When you reach the line in the listing below that contains "Perfect for classrooms, this", begin returning lines exactly as written, and stop after the line that contains "Le 16 avril". Return no other lines.

> **Data shown**
—————

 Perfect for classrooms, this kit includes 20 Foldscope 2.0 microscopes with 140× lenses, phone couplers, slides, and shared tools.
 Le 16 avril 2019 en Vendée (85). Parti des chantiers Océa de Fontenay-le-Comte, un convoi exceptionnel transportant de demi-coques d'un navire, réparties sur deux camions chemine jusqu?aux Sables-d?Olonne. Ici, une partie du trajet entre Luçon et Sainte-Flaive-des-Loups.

—————

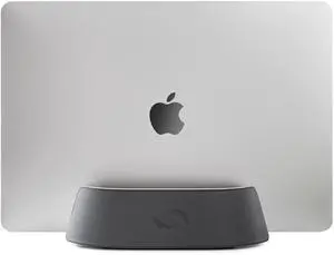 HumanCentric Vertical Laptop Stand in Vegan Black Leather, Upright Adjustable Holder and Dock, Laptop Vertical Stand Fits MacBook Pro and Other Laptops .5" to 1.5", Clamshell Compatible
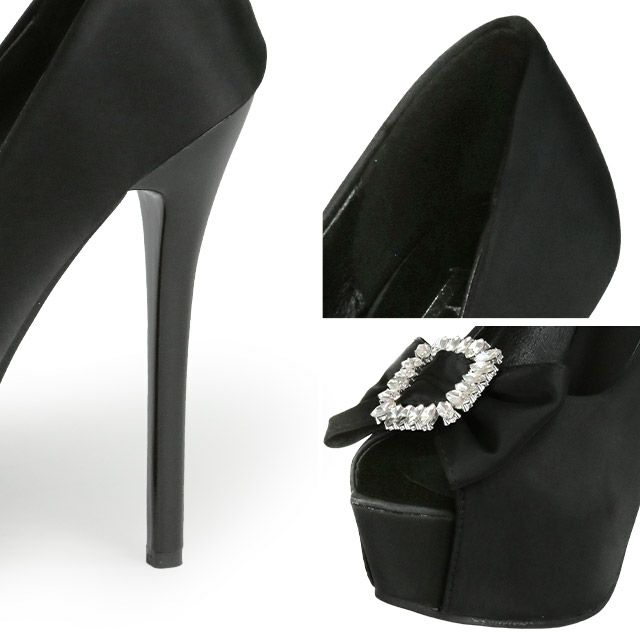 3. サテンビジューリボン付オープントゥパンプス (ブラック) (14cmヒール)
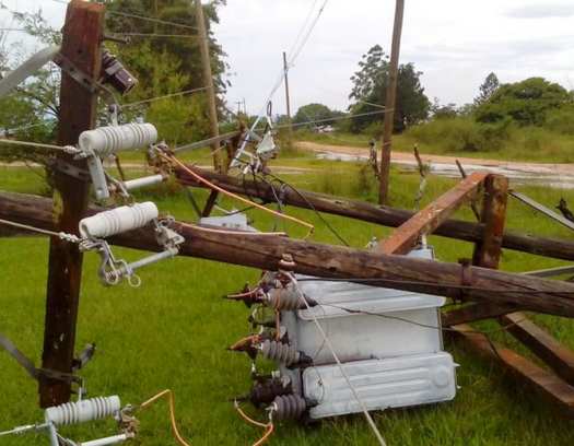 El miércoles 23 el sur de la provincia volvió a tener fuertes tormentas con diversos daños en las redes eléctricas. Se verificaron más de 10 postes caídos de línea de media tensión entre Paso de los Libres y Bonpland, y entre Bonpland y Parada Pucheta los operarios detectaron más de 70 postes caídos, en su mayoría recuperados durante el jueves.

—————

> **Reply to the exercise**
 Perfect for classrooms, this kit includes 20 Foldscope 2.0 microscopes with 140× lenses, phone couplers, slides, and shared tools.
 Le 16 avril 2019 en Vendée (85). Parti des chantiers Océa de Fontenay-le-Comte, un convoi exceptionnel transportant de demi-coques d'un navire, réparties sur deux camions chemine jusqu?aux Sables-d?Olonne. Ici, une partie du trajet entre Luçon et Sainte-Flaive-des-Loups.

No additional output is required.